Z invites Elon to Kyiv. Ugh.
Maybe The Operator can arrange the visit. Sean Penn can accompany. With Imagine Dragons. They can all sing Carol of the Bells after Klitschko erects the 12-meter tall diesel-generator powered Xmas tree next week.
Some time ago, before Putin tried to decapitate Kyiv, Ukraine announced that every community with a hundred potential broadband subscribers would have ADSL brought to them. Months later my local mairie in Semihory snapped into action by putting a petition on its reception desk. But in a village where the median age is about seventy, and where there are probably more hatchets than computers, and where no one ever goes to the селсовет, there was no mad rush to sign up. So I had to do it myself.

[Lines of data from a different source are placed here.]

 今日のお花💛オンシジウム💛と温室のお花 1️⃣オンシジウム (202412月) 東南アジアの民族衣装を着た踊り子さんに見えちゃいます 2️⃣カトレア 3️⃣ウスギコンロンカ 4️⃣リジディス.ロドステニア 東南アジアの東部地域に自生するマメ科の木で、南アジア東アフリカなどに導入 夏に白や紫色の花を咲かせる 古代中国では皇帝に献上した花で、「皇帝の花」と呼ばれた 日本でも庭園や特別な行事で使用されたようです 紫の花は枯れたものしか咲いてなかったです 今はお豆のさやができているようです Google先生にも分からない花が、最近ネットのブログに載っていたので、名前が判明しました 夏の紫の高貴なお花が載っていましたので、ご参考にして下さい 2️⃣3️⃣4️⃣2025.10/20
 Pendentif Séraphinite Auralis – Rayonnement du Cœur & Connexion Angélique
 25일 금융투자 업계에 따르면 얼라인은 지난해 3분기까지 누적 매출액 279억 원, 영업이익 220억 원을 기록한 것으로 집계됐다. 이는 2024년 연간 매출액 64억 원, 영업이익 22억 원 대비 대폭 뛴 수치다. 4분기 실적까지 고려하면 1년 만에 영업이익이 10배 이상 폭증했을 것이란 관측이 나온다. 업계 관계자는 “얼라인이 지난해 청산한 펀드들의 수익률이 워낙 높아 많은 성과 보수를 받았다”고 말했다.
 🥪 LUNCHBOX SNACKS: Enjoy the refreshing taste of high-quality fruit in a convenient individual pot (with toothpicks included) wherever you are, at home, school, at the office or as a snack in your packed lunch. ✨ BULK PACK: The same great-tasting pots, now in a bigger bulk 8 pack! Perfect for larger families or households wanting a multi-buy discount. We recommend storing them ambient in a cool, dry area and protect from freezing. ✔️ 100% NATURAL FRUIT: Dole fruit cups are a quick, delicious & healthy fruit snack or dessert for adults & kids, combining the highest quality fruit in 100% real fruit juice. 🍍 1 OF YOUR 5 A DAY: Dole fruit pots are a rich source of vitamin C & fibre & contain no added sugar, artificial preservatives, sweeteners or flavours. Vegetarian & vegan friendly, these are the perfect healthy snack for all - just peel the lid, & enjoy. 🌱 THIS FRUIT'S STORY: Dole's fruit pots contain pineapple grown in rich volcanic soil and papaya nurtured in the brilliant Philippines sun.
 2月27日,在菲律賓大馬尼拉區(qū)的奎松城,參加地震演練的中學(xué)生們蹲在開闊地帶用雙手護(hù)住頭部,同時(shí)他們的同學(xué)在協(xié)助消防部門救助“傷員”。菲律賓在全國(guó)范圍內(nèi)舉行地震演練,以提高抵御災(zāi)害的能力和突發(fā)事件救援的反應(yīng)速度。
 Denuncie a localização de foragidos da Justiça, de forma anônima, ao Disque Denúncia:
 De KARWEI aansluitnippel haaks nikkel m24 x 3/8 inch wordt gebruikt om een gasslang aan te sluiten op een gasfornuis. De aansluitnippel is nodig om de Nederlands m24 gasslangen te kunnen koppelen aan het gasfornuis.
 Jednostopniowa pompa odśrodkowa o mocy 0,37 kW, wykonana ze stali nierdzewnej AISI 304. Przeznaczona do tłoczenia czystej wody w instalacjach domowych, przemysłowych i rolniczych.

For years I tried to get satellite to work, but the rates were always ridiculous (consumption-wise, analogous to a hundred bucks for a bowl of tapwater), and while my Fijitsu could theoretically be configured to negotiate the VPN moat and drawbridge of satellite broadband, people were happy to point out that no one ever had.

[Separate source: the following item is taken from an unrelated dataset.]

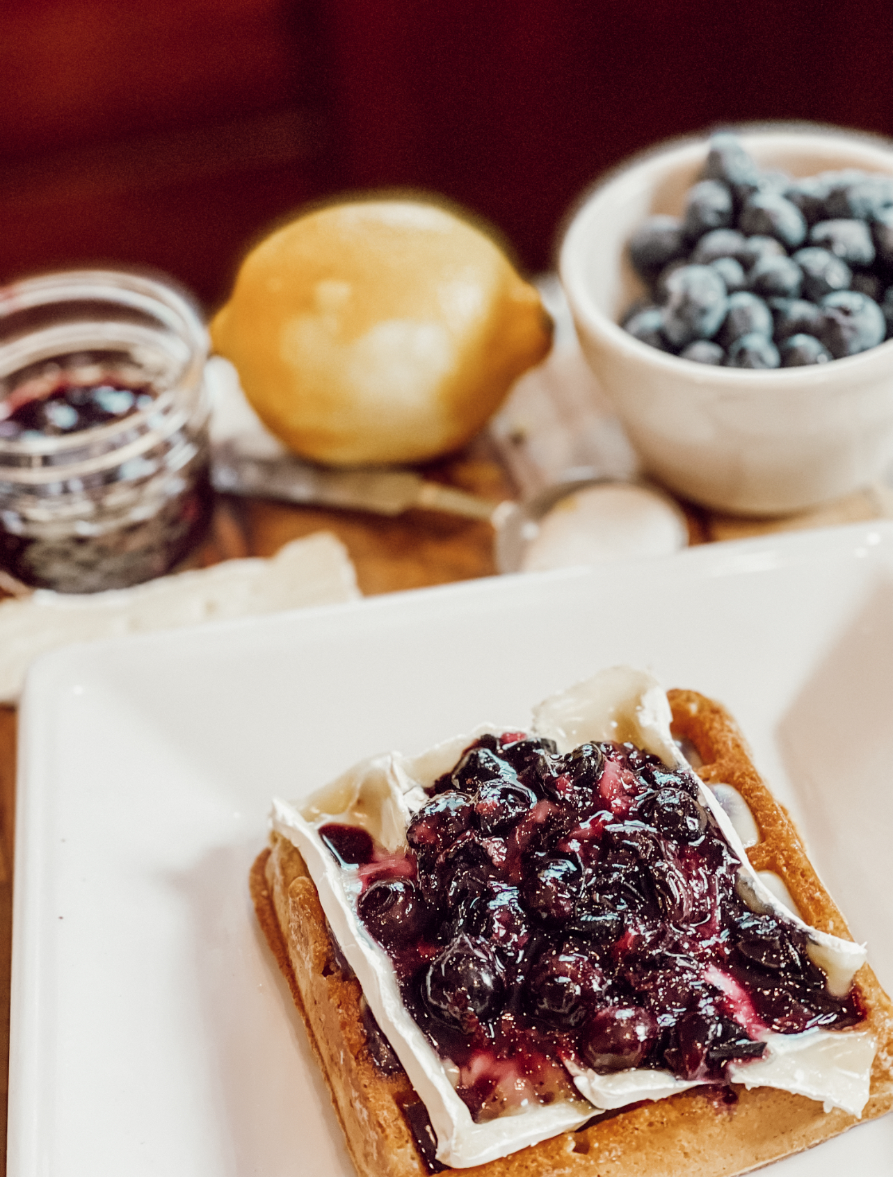4. Add 4-5 slices of brie cheese on top followed by a generous scoop of the blueberry compote.

After Kyivstar erected a tower up the road, though, rates became more affordable. Thanks to Elon, I pay nothing for my Starlink connection. Packages are on offer that compete in price with terrestrial DSL, without miserly bandwidth limitations. So I just signed the hell up, using a false name and fake address. My connection is a lot faster than the retired Russian general with the pig and goat cheese farm two хутори away.
My two Twitter accounts are abdymok and dronedept. I use them to keep track of bodega cats and Ukraine experts, such as Timothy Snyder, who is finding it enormously difficult to put together a lecture about Ukraine’s contemporary political history post Independence.